The inventor of the present invention realized that this capability
could be exploited to advantage in developing the current inventive
method and system which is described in detail below.
[0040] FIG. 3 depicts an aspect of the present invention. Prior to
computing reference fingerprints from reference audio content 300,
additional content 310 may be prepended to reference audio content
300 to product modified reference audio content 320. The modified
reference audio content 320 may be analyzed with successive
analysis windows (two shown) 330, 331 to produce a set of modified
reference fingerprints that may be, in some embodiments of the
present invention, stored in a fingerprint database. At least one
analysis window may comprise the prepended, additional content.
Advantageously, additional content 310 may be selected such that
acoustic attributes of additional content 310 do not influence a
match detected by a fingerprint-match system when comparing a
modified reference fingerprint with another fingerprint. For
example, if a fingerprint-match system relies on a comparison of
the primary frequency components within an analysis window when
comparing fingerprints, additional content 310, for example,
comprising pink noise, may result in no primary frequency component
being recognized for the portion of the analysis window occupied by
additional component 310.
[0041] Some embodiments of the present invention may use these
modified reference fingerprints as illustrated, in part, in FIG. 4.
When an audio stream 400 is analyzed with the inventive method and
system, a series of analysis windows (three shown) 430, 431, 440
may be used to compute a series of fingerprints which may be
compared with modified reference fingerprints computed from
analysis windows (two shown) 460, 461 of a modified reference audio
content 410. In the inventive system, a first match window 440 may
produce a fingerprint that matches the modified reference
fingerprint computed from analysis window 460, since the content in
the match interval 470 at the latter portion of a first valid match
window 440 may match the reference match 480 in the corresponding
latter portion of an analysis window 460. The end 450 of a first
valid match window 440 occurs at a match latency 490 which is
determined by the duration of the match interval 470 rather than by
the duration of an analysis window 430, 431, 440, 460, 461. Because
the duration of the match interval 470 is less than the duration of
the analysis window 430, 431, 440, 460, 461, the match latency 490
is shorter than the match latency 290 in prior art systems.
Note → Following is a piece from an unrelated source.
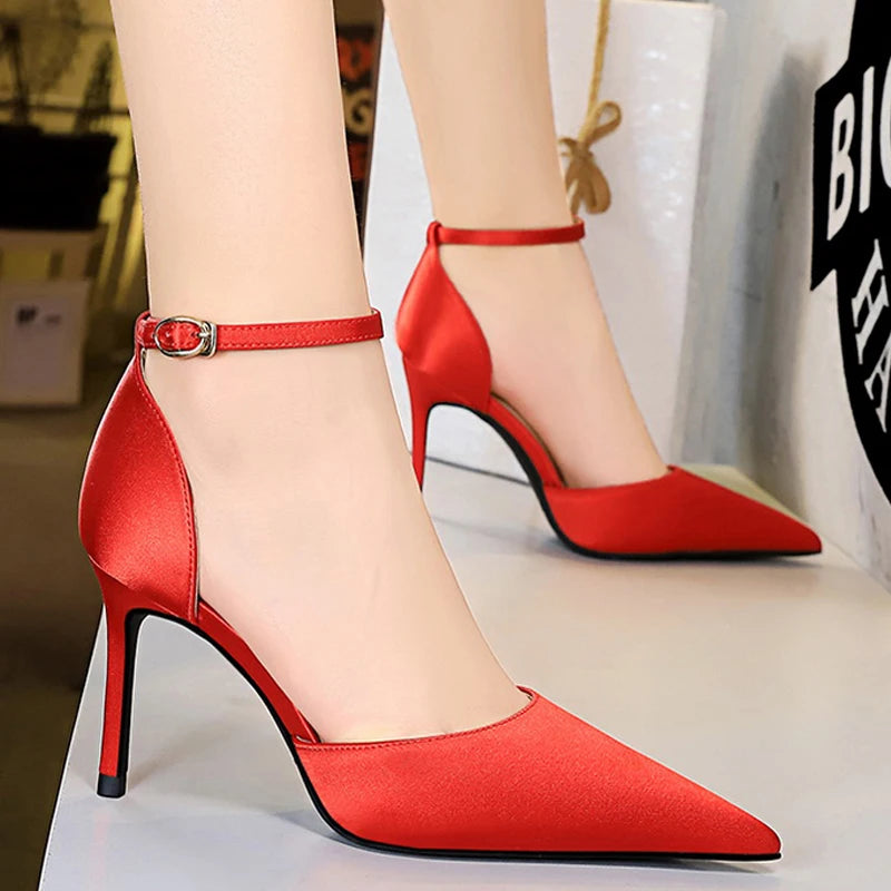 BIGTREE Shoes Summer Woman Pumps Satin Kitten Heels Fashion Wedding Shoes Stiletto Buckle High Heels Women Sandals Plus Size 43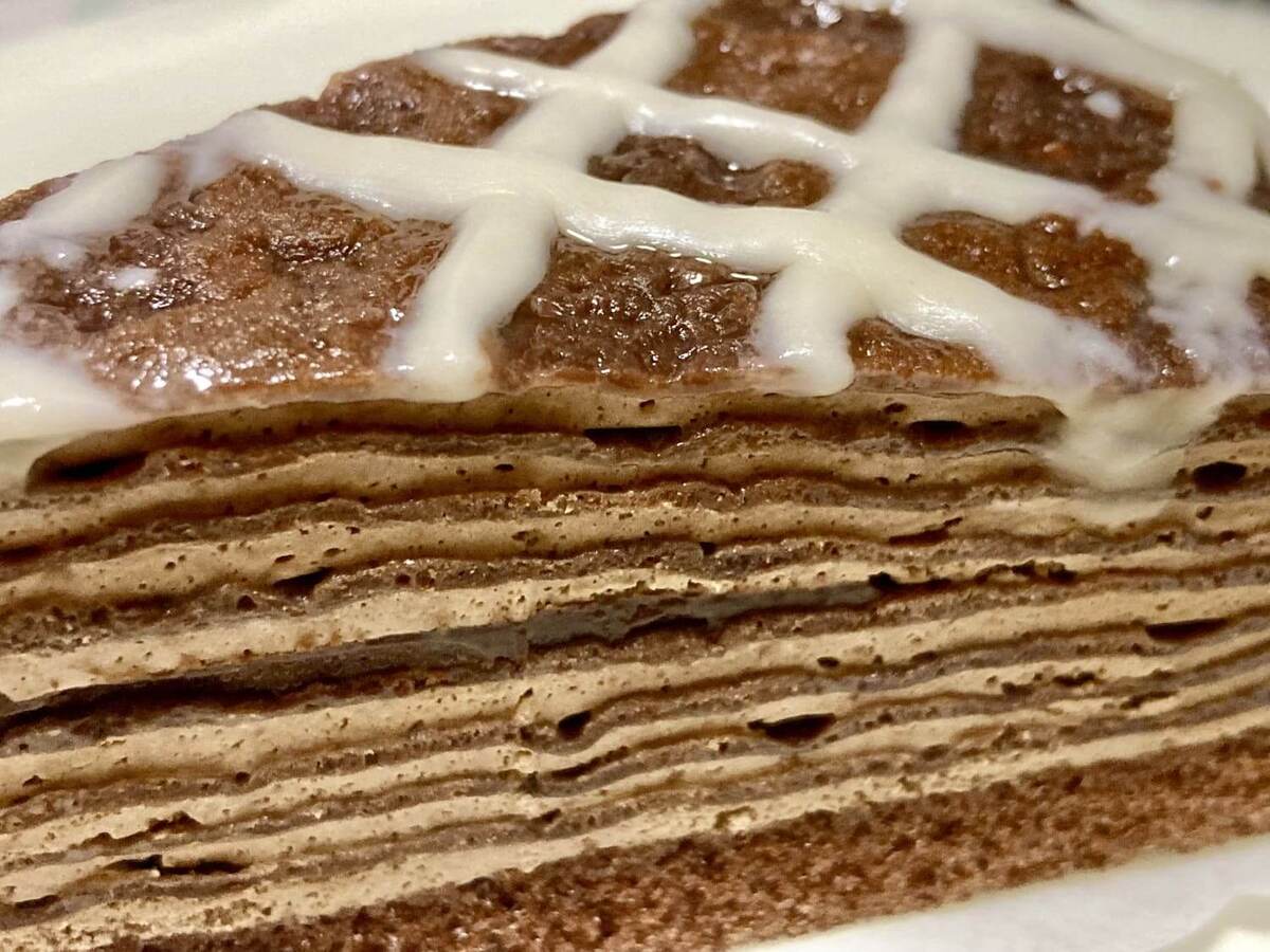 チョコクレープ生地に、生チョコを使用したくちどけのよいチョコホイップクリームを重ねたショコラミルクレープ。

[0042] Some embodiments of the present invention may rely on a
behavior of prior art systems in matching a portion of a
fingerprint generated from an analysis window in unknown audio with
a corresponding portion of a fingerprint generated from an analysis
window in reference audio. In some embodiments of the present
invention, to avoid a false identification of content, the
additional content 310 prepended to reference audio content 300
when generating modified reference audio content 320 may be chosen
so as to not produce a spurious match with reference audio content.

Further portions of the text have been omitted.